JASON KOWALSKI OLD GLORY
Jason Kowalski is one of today’s most visually perceptive and technically astute painters of America’s mid-20th century built landscape. But his talent is far more than just technical. His paintings possess an authentic sensitivity to the people and time of the places that are his subjects and, as a result, there is in his works an uncanny spirit that gives them a remarkable aura of life and vibrancy that seems transported directly from another era. Kowalski was recently awarded a prestigious Pollock-Krasner Foundation Grant in deference to his skills. Kowalski’s work goes well beyond mere painted documentation of his subject matter. As aesthetic reminiscences of historic roadside architecture and signage, these paint- ings certainly also engage aesthetic muniments. These exquisite works resonate, with unexpected and sensitive cultural nuance, the hopes and dreams — however faded and tattered— that once defined the glories of an American past. Though Kowalski was not yet born when most of what he paints was full of the lives and aspirations of the men and women who were themselves the heart of the American Heartland — when the “No Vacancy” signs of motels along Old Route 66 lit up and the Keg Saloon was jammed at night with revelry — somehow he captures in his paintings the spirit of what remains of the towers of that bulwark of an Americana now nearly gone, the soul of a vital time and the folk that lived in it. He does this with the intuition of a poet and evokes a connection with his subject in his light-infused and affectionate treatment of the tangible remnants of what otherwise is merely memory and story. Viewers of a certain age may instantly recognize motel signs.

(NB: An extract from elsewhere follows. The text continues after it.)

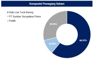 Selanjutnya ada PT Sumber Suryadana Prima sebanyak 10%, dan 29,03% sisanya dimiliki oleh publik (kepemilikan di bawah 5%).

In his paintings that clearly harken to America at the mid-century, when travel by car was a culture, and half the fun of arriving at a destination was in getting there, stopping at plenty of roadside attractions along the way. “Oftentimes, these things are in dilapidated states, rusting, and falling apart. There’s a beauty in that,” Kowalski aptly notes. Kowalski’s genius lies in his aesthetic ability to visually transform and elevate what might be perceived as dilapidation into a sense of proud resilience. His work somehow extracts the majesty that lies all but forgotten in these abandoned, decaying buildings and rusting cars and trucks, the marquis signs that could today seem the epitome of kitsch, all these relics of the past, and brings out hints of beauty that plainly remain in them, and relates it into a new and dignified reference for delectation in the present. The artist’s presentation of the purity of color and light in the structures and objects also bespeaks a kind of spiritual purity. Perhaps it derives from the nature of things then and perhaps now it is a reflection too of the artist’s lack of artifice in his intention in making these works. His technical skill is remarkable and is used by him to poetic effect to summon memory and nostalgia with his facility for meticulous detail the shabby and fading as well as the grand and majestic. Kowalski presents the aggregation of all of these elements with a signature use of diffused light, toned colors and reverential perspective in order to inspire consciousness of the time and places his work portrays. Ultimately, the works liminality hover between presence and dream.
Rambling Prospector, 2023, Oil & mixed media on panel 48 x 60 x 2 in.
American Classic, 2024, Oil & mixed media on panel, 18 x 24 in.
Welcome Travelers, 2024, Oil & mixed media on panel, 38 x 60 x 2 in.
Open Range, 2024, Oil & mixed media on panel, 27 x 36 x 2 in.
Railyard Retreat, 2024, Oil & mixed media on panel, 36 x 54 x 2 in.
Nightly Entertainment, 2021, Oil & mixed media on panel, 24 x 24 x 2 in.
Lucky Strike, 2024, Oil & mixed media on panel, 72 x 30 x 2.50 in.
Bohemian Dreams, 2024, Oil & mixed media on panel 44 x 27 x 2 in.
His paintings can serve an underlying purpose. They can make time stand still. These paintings preserve a part of what made these places beautiful, what wove them into the fabric of the American Dream. One of the great virtues of Kowalski’s approach to his subject is its ability to effect a transformation of the dreams of these places from what they once were to the reality of what they are now. His work is full of the current beauty they have and also the memories of what they once were. In the ability to express this synthesis, Kowalski achieves major success. Uniquely, these paintings bespeak a subtle sense of happiness, rare for works that endeavor to depict this genre of loss, allowing the viewer the freedom to imagine their own forebears, those who might have treasured their lives in these places, those who might have sought that great American Dream here. Kowalski shares this quiet joy with an open heart and a most talented brush.